Ist ein Loch im Zahn, muss zunächst einmal der Bohrer ran. Anschließend stellt sich jedoch die Frage, mit welchem Material das Loch im Zahn aufgefüllt werden soll. Zur Auswahl steht neben verschiedenen Füllungsmaterialien auch Amalgam - seines Zeichens der Klassiker im Bereich der zahnärztlichen Versorgung.
Es existieren zahlreiche Studien und Berichte, die sich kritisch mit den möglichen Auswirkungen von Amalgam auf den menschlichen Körper auseinandergesetzt haben und bis heute auseinandersetzen. Amalgam-Kritiker werden eine Meldung sicherlich erfreut zur Kenntnis genommen haben: So dürfen Zahnärzte in der Europäischen Union ab Juli 2018 Amalgamfüllungen nur noch in Ausnahmefällen bei verschiedenen Personen einsetzen. Zu diesem Personenkreis zählen:

• Kinder,
• Schwangere,
• stillende Mütter.

Im Jahr 2020 schließlich wird umfangreich geprüft, ob ab dem Jahr 2030 komplett auf die Verwendung von Amalgamfüllungen verzichtet werden kann. Dies soll jedoch nicht aufgrund tatsächlich festgestellter gesundheitlicher Risiken, sondern prophylaktisch sowie aus Gründen des Umweltschutzes geschehen.

Woraus besteht Amalgam?
Amalgam ist eine Mischung aus verschiedenen Metallen sowie Quecksilber. Für die Füllung von Zähnen ist es aufgrund seiner weichen und leicht formbaren Struktur sehr beliebt. Es gilt vor allem im Seitenzahnbereich - in dem großer Kaudruck besteht - als Mittel der Wahl. Vorwiegend negativ bewertet wird es in der Öffentlichkeit jedoch aufgrund des enthaltenen Quecksilbers. Amalgam ist der am besten erforschte und älteste Werkstoff des Zahnarztes, der in der Regel von den meisten Patienten ohne Probleme vertragen wird. Die enthaltene Quecksilbermenge ist in etwa mit der Belastung von Quecksilber in der Nahrung vergleichbar.

Die Vor- und Nachteile von Amalgam-Füllungen
Grundsätzlich bietet das Material Amalgam als Zahnwerkstoff viele Vorteile. So hat es eine antibakterielle Wirkung und hindert Karies daran, sich auszubreiten. Zudem kann Amalgam in Sachen Haltbarkeit punkten und ist in etwa vergleichbar mit der Haltbarkeit von Gold-Füllungen.
Nachteilig an Amalgam-Füllungen ist die Ästhetik, die sich aufgrund ihrer Beschaffenheit nicht an die Farbe des Zahns anpassen lässt. So werden Amalgam-Füllungen in der Regel nur im Nicht-Sichtbereich eingesetzt.

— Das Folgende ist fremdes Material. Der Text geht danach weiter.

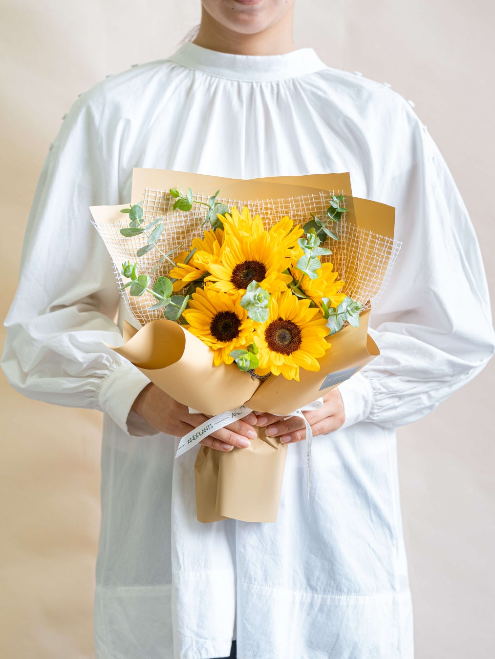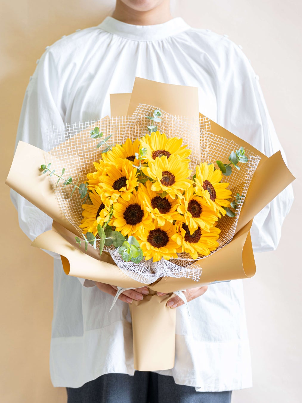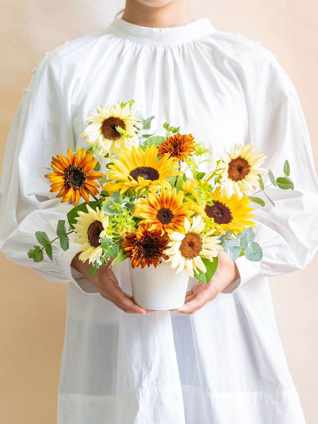 今回のシリーズでは、このベーシックなオレンジ色のひまわりを用いた商品のほか、夏季限定商品には一風変わった品種のひまわりも集め、ブーケやアレンジメントを合計9種類ラインナップ。ひまわりの色に合わせた、カフェオレ色のラッピングもご用意しています。

Wie ist die Haltbarkeit von Amalgam-Füllungen?
Pauschale Angaben zur Haltbarkeit einer Füllung lassen sich generell schwerlich treffen und können nur auf Grundlage von statistischen Erhebungen erfolgen. Im individuellen Fall sind für die Haltbarkeit nicht nur das Füllungsmaterial, sondern auch Größe und Lage der Füllung entscheidend. Darüber hinaus hat auch das Zahnpflegeverhalten des Patienten deutlichen Einfluss auf die Lebensdauer einer Füllung. Achtet der Patient also auf eine sorgfältige Zahnpflege, können die Füllungen überdurchschnittlich lange halten.
Bei Amalgam beträgt die durchschnittliche Haltbarkeit zwischen sieben und acht Jahren. Anschließend sollte der Zustand der Füllung auf jeden Fall von einem Zahnarzt überprüft und die Füllung gegebenenfalls ausgetauscht werden.

Kostenübernahme von Amalgam-Füllungen
Bis auf einige Ausnahmen werden von den gesetzlichen Krankenkassen nur die Kosten für Amalgam-Füllungen vollständig übernommen. Wenn sich der Patient also im Seitenzahnbereich eine Keramikfüllung wünscht, beteiligen sich die gesetzlichen Krankenkassen nur anteilig an den Gesamtkosten.

Amalgam-Füllungen entfernen lassen?
Da es keine nachgewiesenen gesundheitlichen Einschränkungen bei der Verwendung von Amalgam in Zahnfüllungen gibt, macht es aus Sicht zahlreicher Experten keinen Sinn, intakte Amalgam-Füllungen zu entfernen und gegen andere Füllungen auszutauschen. Die Menge an Quecksilber, die beim Aufbohren der Füllung freigesetzt wird, ist schädlicher für den Patienten als weiterhin mit der Amalgam-Füllung zu leben - so das Fazit der meisten Experten.